● EXERCISE PROMPT: No pictures go in the copy. Restate, word for word, each line from the one containing "Geef de nieuwe" through the last line below.

● INFORMATION PROVIDED:
....................

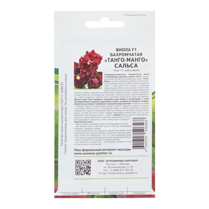 Семена цветов Виола бахромчатая "Танго-Манго Сальса F1", 10 шт
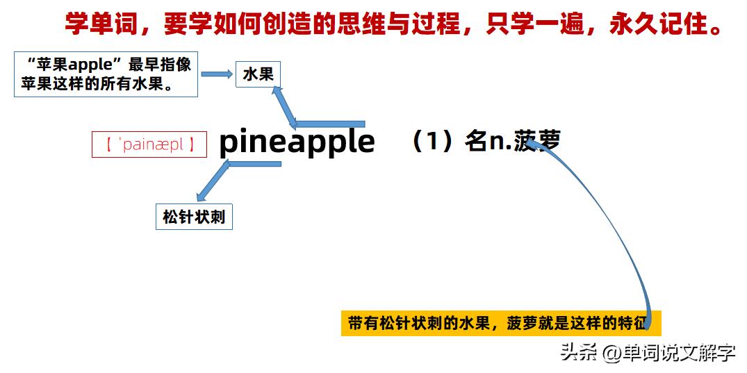 当我们知道“菠萝”是一种水果!知道“apple”最早是指所有的像苹果这样树上结的水果,因此“apple”有“水果”之意!因此创造“菠萝”这个单词时,可用“apple”!同时我们知道“菠萝”身上带有像“松针”一样的刺!因此“菠萝”这个单词只需要将“pine松针状刺”与“apple水果”进行组合即可!详细解说图如下:
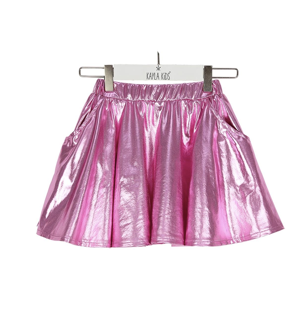 Pembe metalik volanlı etek
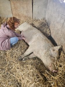 Ich habe 13 Kinder bekommen. Ich freute mich sehr, sie aufwachsen zu sehen. Ich möchte so gerne meinen Kindern zeigen, wie das Leben von einem Schwein ist. Aber ich selbst habe es nie erlebt. Niemand hatte es mir gezeigt. Vielleicht erleben viele Schweine, die durch die Menschentür gingen und nie mehr zurückkommen*, was ein Schwein in der Natur tut. Diese Frage beschäftigt mich sehr oft. Einen Monat lang trinken sie meine Milch, dann werden sie mir genommen. Ihr warmes Gewicht an meinem Körper, ihr leises Quieken, plötzlich sind sie fort. Diese zarte Beziehung, die ich jedes Mal zu meinen Kindern aufbaue, wird einfach zerbrochen und ich höre, wie meine Kinder Angst vor den Menschen haben. Jedes Mal versuche ich, meine Kinder zu beschützen, aber die Menschen waren stärker. Jedes Mal, wenn ein Mensch zu mir kommt und meine Kinder noch bei mir sind, habe ich Angst, dass sie mir wieder weggenommen werden. Was passiert mit meinen Kindern? Wie gerne würde ich sie so lange behüten, bis sie sich selbständig ablösen und mich nicht mehr brauchen. Jetzt habe ich eine Woche Pause, bis ich wieder trächtig bin und der ganze Prozess wieder beginnt.
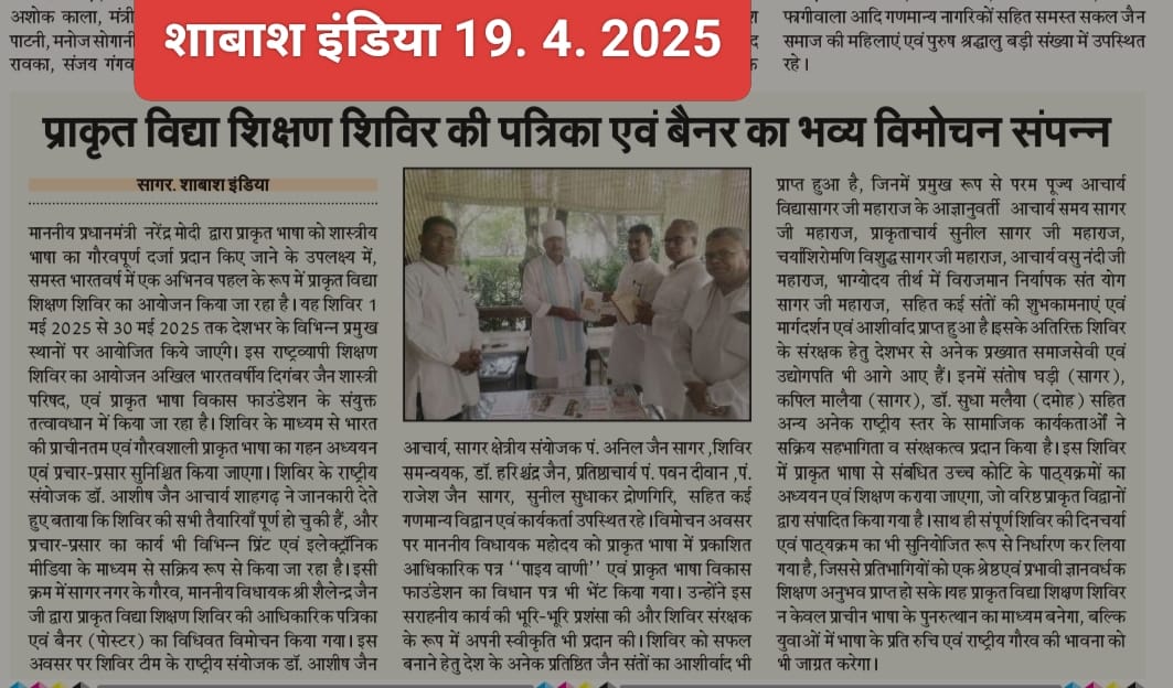 जैन धर्म के प्राचीन ग्रंथ जो लिखे गए हैं वह प्राकृत भाषा में ही है ,णमोकार मंत्र प्राकृत भाषा में है इससे यह सिद्ध होता है कि जैन धर्म की मातृभाषा प्राकृत भाषा है । इसका प्रारंभिक ज्ञान हर बच्चे बच्चे को होना आवश्यक है ।श्री आशीष जी द्वारा इस दूरगामी सोच का हम हृदय से स्वागत करते हैं । इस शिविर से बच्चों को प्राकृत भाषा का सीखने को मिली है।
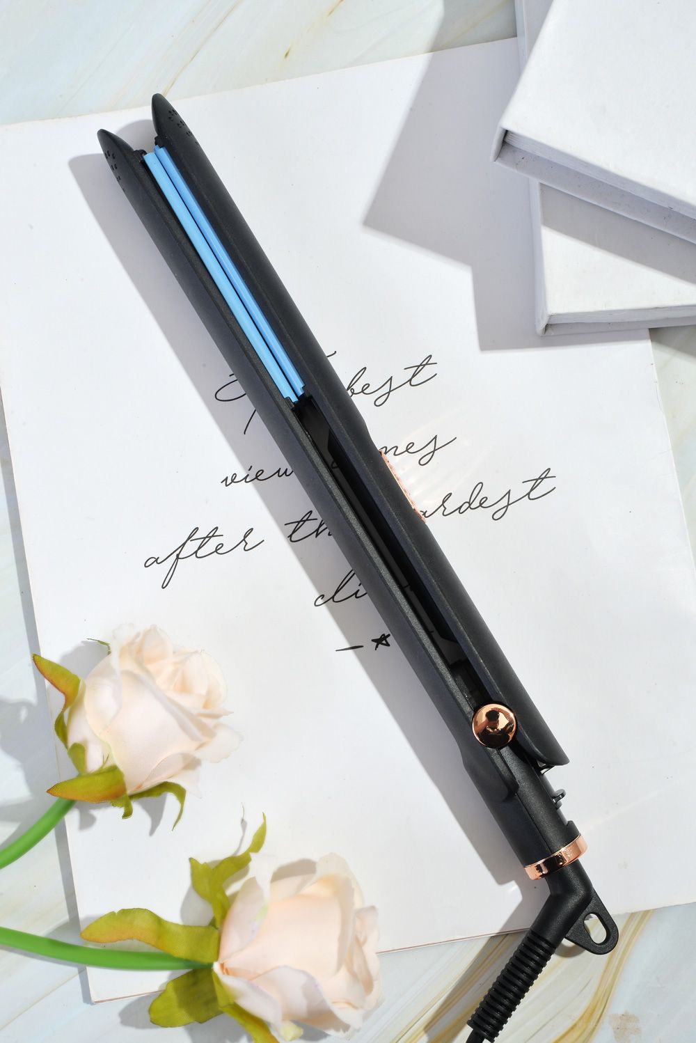 Tourmaline-infused- Rock hair that's sleek,it helps reduce static for a look that's silky and shiny.sinfused with tourmaine,that come together to create pin-straight tresses. Yet, with a twist of the wrist, you can also create soft, lush waves and curls.Versatile hair styling- Ergonomic design with rounded edges and floating platesconvenient 360’swivel cord - plus, the cord allows you to maneuver as you please to create the perfect look, helping make an everyday styling staple.Travel Companion - Our flat iron with safety lock function is perfect for travelinallaws you to store it in the trunk and change diferent hair stvles during your trips more easily, and top up your stvle anywhere
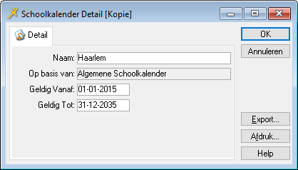 Geef de nieuwe schoolkalender een naam in het veld Naam.
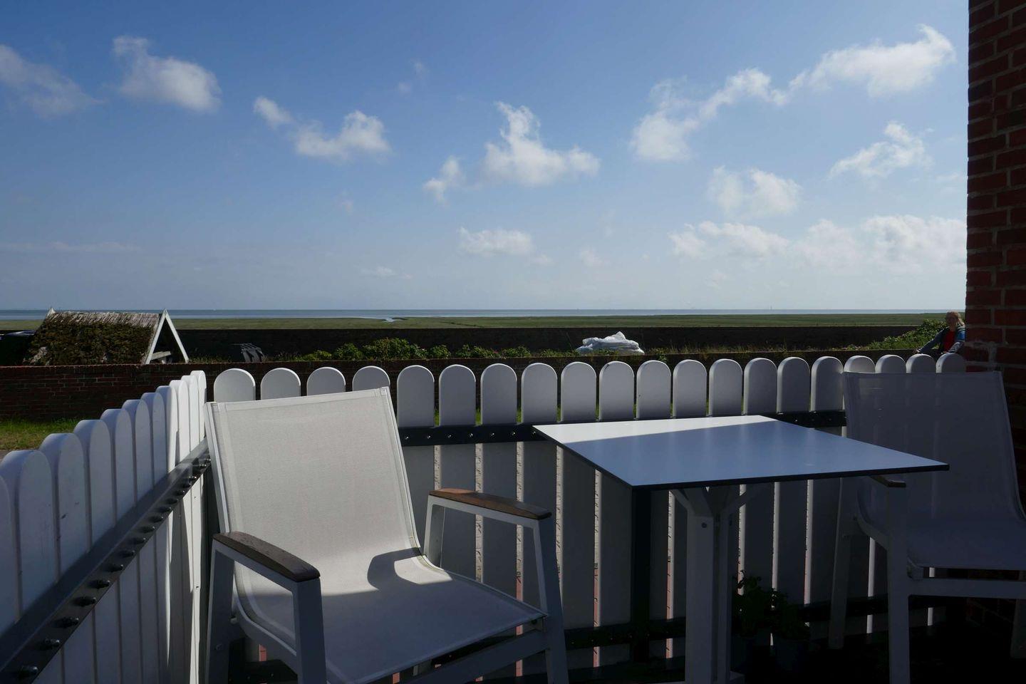 Herrlich entspannen können Sie natürlich auch bei Sonne und Nordseeluft! Die Ferienwohnung "Wattblick 1" besitzt eine möblierte Terrasse mit Zugang zu einem gemeinsamen Garten und Grillplatz. Ideal für wunderbare Urlaubsabende nach dem Strandtag!

....................

● EXERCISE OUTPUT:
 Geef de nieuwe schoolkalender een naam in het veld Naam.
 Herrlich entspannen können Sie natürlich auch bei Sonne und Nordseeluft! Die Ferienwohnung "Wattblick 1" besitzt eine möblierte Terrasse mit Zugang zu einem gemeinsamen Garten und Grillplatz. Ideal für wunderbare Urlaubsabende nach dem Strandtag!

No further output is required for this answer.